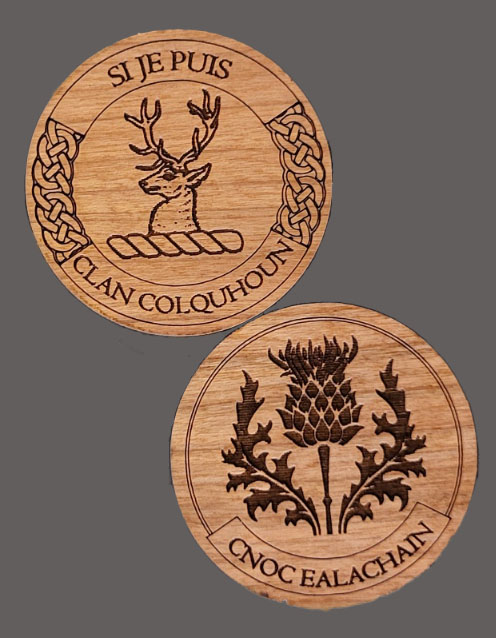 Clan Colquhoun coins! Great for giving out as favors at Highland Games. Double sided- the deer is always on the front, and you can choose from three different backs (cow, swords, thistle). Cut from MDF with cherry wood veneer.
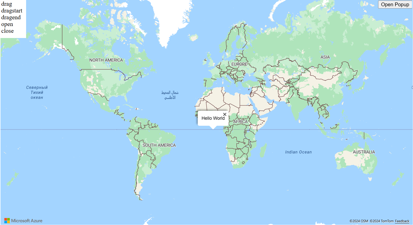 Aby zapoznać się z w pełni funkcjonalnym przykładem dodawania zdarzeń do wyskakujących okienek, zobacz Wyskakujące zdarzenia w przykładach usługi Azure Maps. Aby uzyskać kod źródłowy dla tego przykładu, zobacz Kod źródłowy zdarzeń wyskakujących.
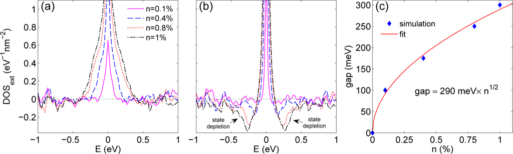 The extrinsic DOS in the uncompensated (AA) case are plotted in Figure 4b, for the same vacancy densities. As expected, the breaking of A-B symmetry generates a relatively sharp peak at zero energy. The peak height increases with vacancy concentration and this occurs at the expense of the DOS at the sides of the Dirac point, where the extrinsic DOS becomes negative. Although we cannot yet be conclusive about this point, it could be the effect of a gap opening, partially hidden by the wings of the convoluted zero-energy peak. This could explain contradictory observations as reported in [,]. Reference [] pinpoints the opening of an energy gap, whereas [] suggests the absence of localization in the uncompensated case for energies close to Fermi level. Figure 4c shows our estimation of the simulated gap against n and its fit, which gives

--

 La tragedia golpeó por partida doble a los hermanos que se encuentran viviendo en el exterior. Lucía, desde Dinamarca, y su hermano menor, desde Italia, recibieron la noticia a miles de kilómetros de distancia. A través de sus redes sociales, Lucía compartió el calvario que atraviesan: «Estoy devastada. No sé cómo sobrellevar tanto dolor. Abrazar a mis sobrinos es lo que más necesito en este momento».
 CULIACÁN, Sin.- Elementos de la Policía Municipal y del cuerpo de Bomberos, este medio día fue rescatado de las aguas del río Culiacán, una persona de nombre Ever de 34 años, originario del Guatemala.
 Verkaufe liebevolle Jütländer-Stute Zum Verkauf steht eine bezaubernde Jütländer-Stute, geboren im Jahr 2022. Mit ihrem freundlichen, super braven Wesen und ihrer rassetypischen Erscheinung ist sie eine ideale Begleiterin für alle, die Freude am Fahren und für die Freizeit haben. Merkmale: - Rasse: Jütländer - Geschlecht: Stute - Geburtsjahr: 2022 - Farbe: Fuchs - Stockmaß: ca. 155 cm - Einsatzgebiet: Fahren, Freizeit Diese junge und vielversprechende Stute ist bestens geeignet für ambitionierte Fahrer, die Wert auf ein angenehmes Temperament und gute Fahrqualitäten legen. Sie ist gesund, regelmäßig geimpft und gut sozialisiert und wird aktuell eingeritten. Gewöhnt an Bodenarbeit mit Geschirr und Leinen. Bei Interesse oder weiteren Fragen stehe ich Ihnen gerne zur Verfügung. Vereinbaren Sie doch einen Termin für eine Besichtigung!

Problem description
Write out exactly the run of lines above that starts at the line containing "Aby zapoznać się" and ends at the line containing "The extrinsic DOS in". Include both, and leave the pictures out.

Expected answer
 Aby zapoznać się z w pełni funkcjonalnym przykładem dodawania zdarzeń do wyskakujących okienek, zobacz Wyskakujące zdarzenia w przykładach usługi Azure Maps. Aby uzyskać kod źródłowy dla tego przykładu, zobacz Kod źródłowy zdarzeń wyskakujących.
 The extrinsic DOS in the uncompensated (AA) case are plotted in Figure 4b, for the same vacancy densities. As expected, the breaking of A-B symmetry generates a relatively sharp peak at zero energy. The peak height increases with vacancy concentration and this occurs at the expense of the DOS at the sides of the Dirac point, where the extrinsic DOS becomes negative. Although we cannot yet be conclusive about this point, it could be the effect of a gap opening, partially hidden by the wings of the convoluted zero-energy peak. This could explain contradictory observations as reported in [,]. Reference [] pinpoints the opening of an energy gap, whereas [] suggests the absence of localization in the uncompensated case for energies close to Fermi level. Figure 4c shows our estimation of the simulated gap against n and its fit, which gives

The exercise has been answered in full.